I'm not going to post anymore because my beliefs of how animals should be treated are too high I do not believe in culling innocent animals it says in the bible thou shall not kill. Yes rescues should not be used because you have bred the animals its your responsibility and if you have no homes for them then don't breed. We didn't breed on purpose there are far too many animals out there who are in rescue/adoption centres due to people not wanting them or breeding litters. We gave up breeding hamsters a longtime ago because of this and not knowing whether they were going to good homes. Now we do rescue and rescue and rehome.


----------



## Peteyandthegang (Jan 20, 2009)

So much I want to say, but this is Faes topic about her hairless and this could drag on as Ive seen happen before. Sorry you feel you cant post here anymore. Both me and my husband are animal welfarists (we also dont eat or use animal products except our pet hen eggs for this reason) yet get much enjoyment from the forum. Theres no reason not to. Everyone here adores mice

Please consider that since we domesticated certain animals and changed them to an extent we have to start playing nature in order to be kind and make the healthiest and best

But agree or not, the forums open to all breeders and mouse enthusiasts I believe?


----------



## sommy (Mar 1, 2009)

NaomiR said:


> I would love to see pictures of mices without clothes


 :lol: Pervy :lol:


----------



## XxFaexX (Oct 2, 2008)

Sarahh as everyone is stating if we choose to breed it is our responsibility to the best for our animals and most breeders opinions taking litters down to a manageable size is doing the best for mum and pups...leaving a single does with say 18 pups really isn't doing the best for anyone and will only result in lots of sick pups and a very very drained mum...

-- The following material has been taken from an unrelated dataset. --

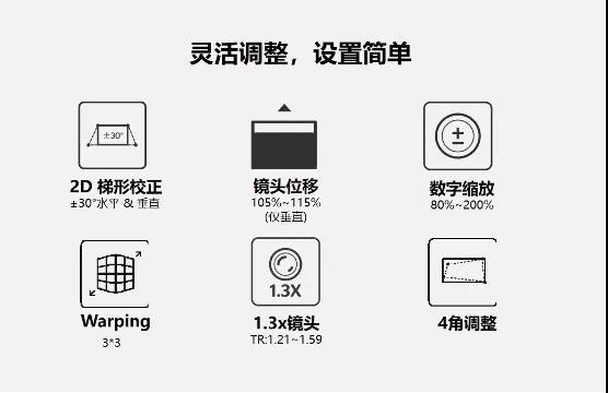 奧圖碼UHZ716高亮智能激光投影機(jī)對(duì)投影尺寸的兼容性極高,2.68米可以投射出100英寸巨幕,5.36米投影距離則可以實(shí)現(xiàn)200英寸巨幕。為了讓用戶更便捷地調(diào)整投影畫面,這款投影機(jī)擁有4角調(diào)整、2D梯形校正、鏡頭位移等一系列優(yōu)化功能,在空間受限的環(huán)境里,依然可以呈現(xiàn)方方正正不畸變不變形的投影效果。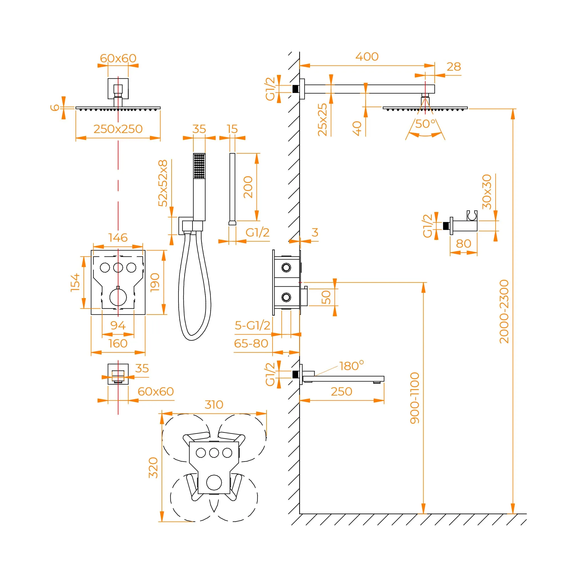 - Шланг ручного душа – нержавеющая сталь, длина 1.5 м

Im sorry you feel you cant post anymore...


----------



## Kage Davies (Dec 21, 2008)

:lol: :lol: :lol:

Me thinks you've missed the point of the forum if you thought that people here wouldn't be discussing culling and things. I for one choose not to cull my litters, but I don't send my boys to rescues, but it doesn't mean that everyone has to agree with me. I certainly wouldn't leave just because other people choose to cull. Its a reality of the mouse breeding world, and in all honesty, it won't change.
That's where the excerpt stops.